Our prosperity hinges on effective law enforcement

Andrew McCarthy demolishes Senator Rand Paul's bill to restore the Fourth Amendment. He calls it the "Here's to Crime" bill.

Moreover, it is equally wrong to imply, as Paul’s bill does, that the metadata collection is of a piece with other scandals involving Obama’s abuses of power. As Senator Paul well knows, the IRS scandal, spying on the media, Benghazi, Fast & Furious, etc., involve unilateral executive-branch lawlessness, stonewalling, and/or overreach. In contrast, the ongoing phone-record collection is the lawful, statutory retention component of a program with extensive civil-liberties protections. Significantly, these protections prohibit the government from inspecting the retained records without judicial approval based on a demonstration of reasonable suspicion of terrorist activity.
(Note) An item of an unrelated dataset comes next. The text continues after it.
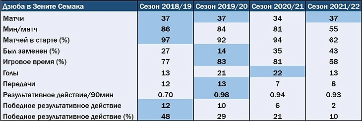 Дзюба стабильно для себя набрал за сезон 20+ очков по системе «гол+пас». Однако, он уже не является «решалой» на поле в важных матчах, как это было раньше. В сезоне 2021/22 у Артёма всего 2 результативных действия, которые стали победными (10% всех результативных действий). В прошлых сезонах, как минимум, каждый 5й гол/пас приносил победу СБГ.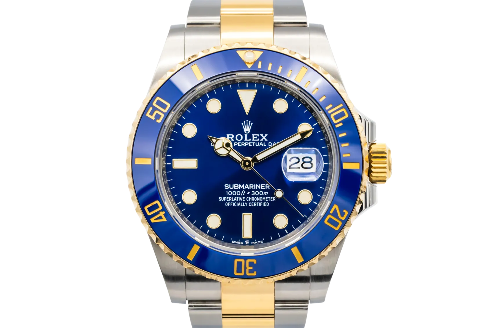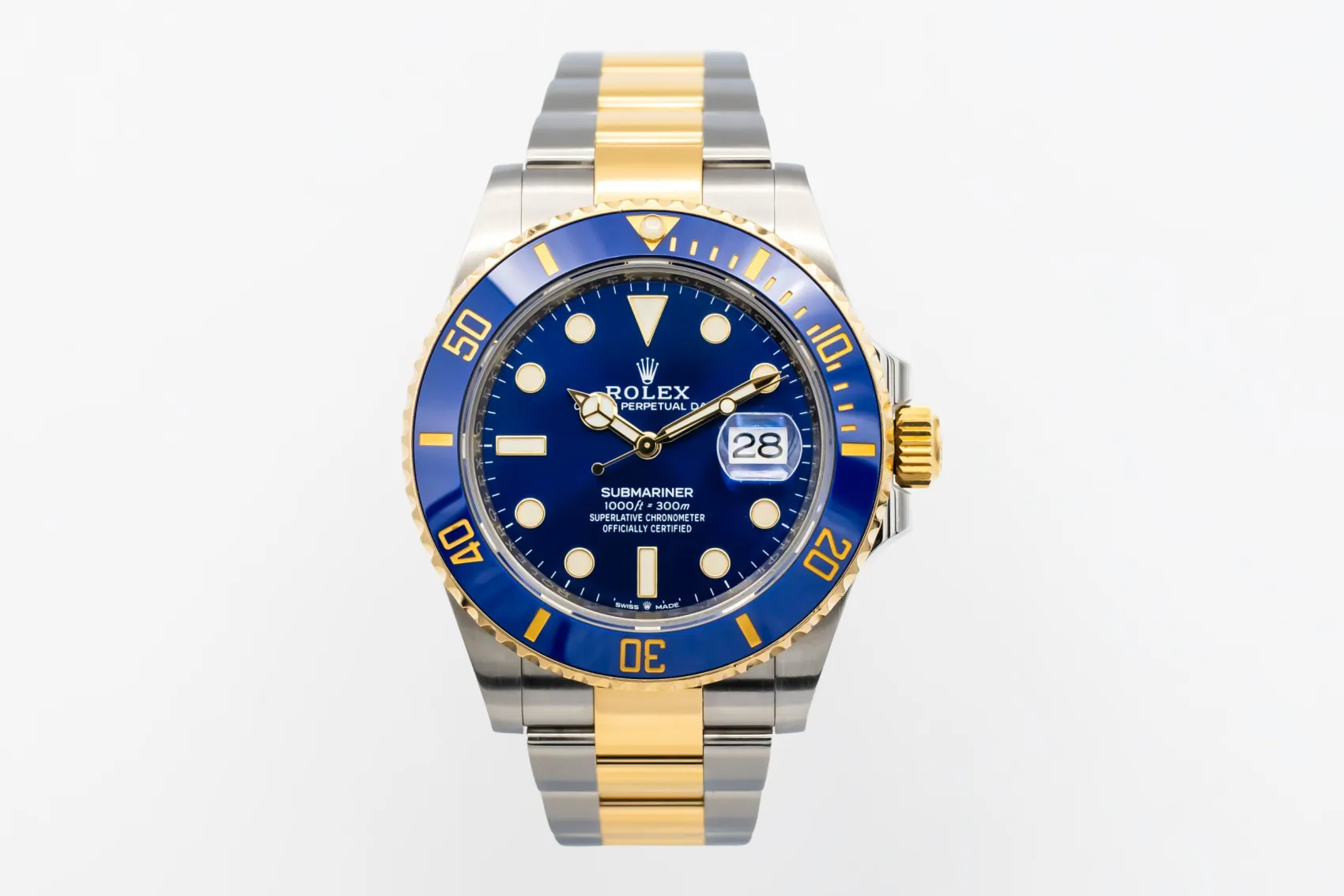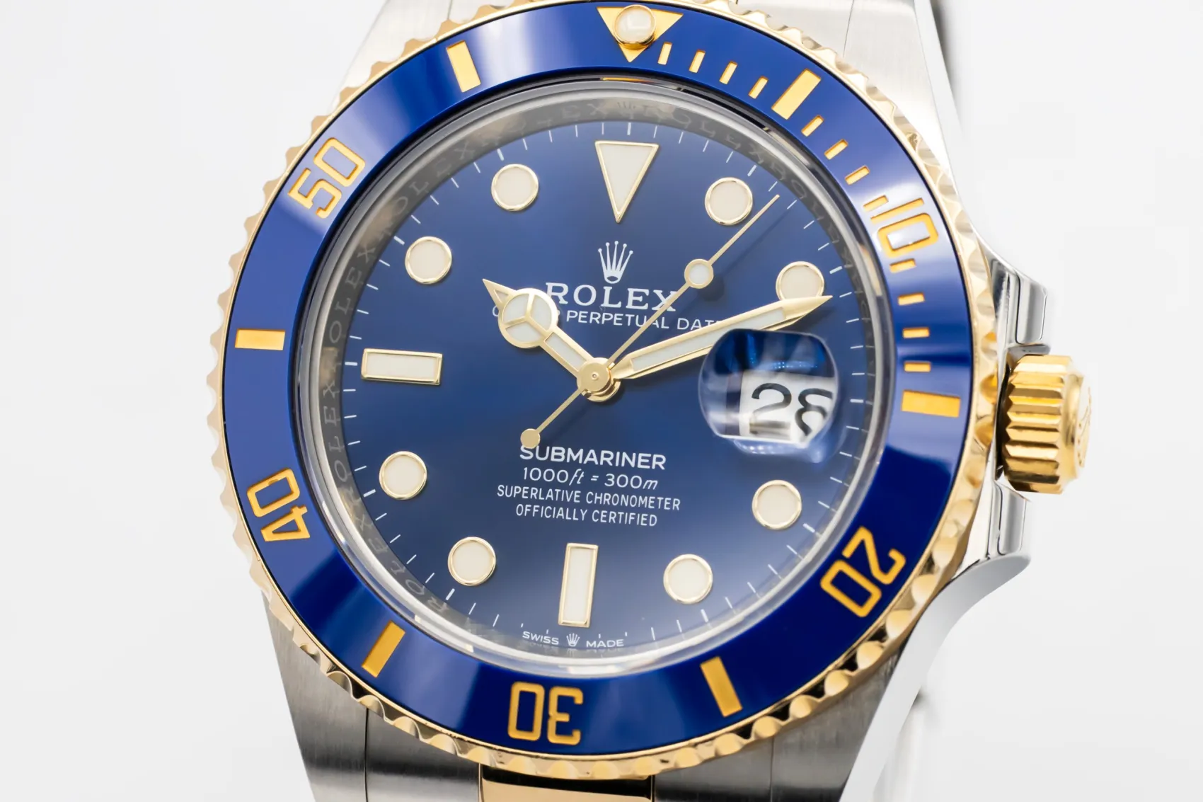finance this from £203.23 p/m call the shop Read about our Limited Lifetime WarrantyThis 2021 Rolex Submariner 41mm is a striking two-tone timepiece crafted in stainless steel and 18ct yellow gold, featuring a blue dial with luminous hour markers, Mercedes hands and the signature date display. Finished with a blue ceramic bezel and Oyster bracelet.

Perhaps the worst aspect of Paul’s irresponsible proposal is how it would cripple law enforcement.

Records of telephone usage are not constitutionally protected under any credible construction of the Fourth Amendment — not the original Fourth Amendment described and applied by the Supreme Court in the aforementioned Jones case, not the Fourth Amendment as enlarged by the “reasonable expectation of privacy” jurisprudence beginning in the mid 20th century. As a result, criminal investigators and grand juries routinely obtain telephone-usage records by issuing subpoenas and applying for “pen registers” — devices applied to phone lines that enable investigators to learn the time, duration, and subscriber numbers involved in telephone calls. This information, coupled with physical surveillance of suspects, is typically how police build probable cause that crimes are being committed. They need to meet that threshold because the Fourth Amendment has always protected a person’s property, and our jurisprudence (along with federal statutes) extends this protection to the content of telephone conversations and other electronic communications. Consequently, to search property or monitor conversations, police must obtain search or eavesdropping warrants.
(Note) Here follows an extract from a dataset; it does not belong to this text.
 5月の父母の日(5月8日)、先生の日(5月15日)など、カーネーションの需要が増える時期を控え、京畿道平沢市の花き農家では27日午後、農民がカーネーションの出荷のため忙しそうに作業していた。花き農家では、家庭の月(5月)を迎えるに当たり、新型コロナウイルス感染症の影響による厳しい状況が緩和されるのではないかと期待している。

If, as Senator Paul proposes, law-enforcement agencies had to have probable cause before they could get telephone-usage records and pen registers, there would be far fewer search and eavesdropping warrants. Were that to happen, the most culpable, most insulated members of criminal organizations could no longer be penetrated by investigative techniques that police have been using, lawfully and with great public support, for decades — for as long as there have been phone records. The most efficient, most threatening criminal organizations would operate with impunity.

Perhaps he does not realize the ramifications, but Senator Paul’s proposal will not protect Americans. Our prosperity hinges on effective law enforcement. We have thus derived great benefit, and suffered little discernible harm, from the fact that police have long been permitted to acquire third-party phone records without a warrant. The Paul proposal is, instead, a boon for lawbreakers. That it should be proposed under the guise of a “Fourth Amendment Restoration” is perverse.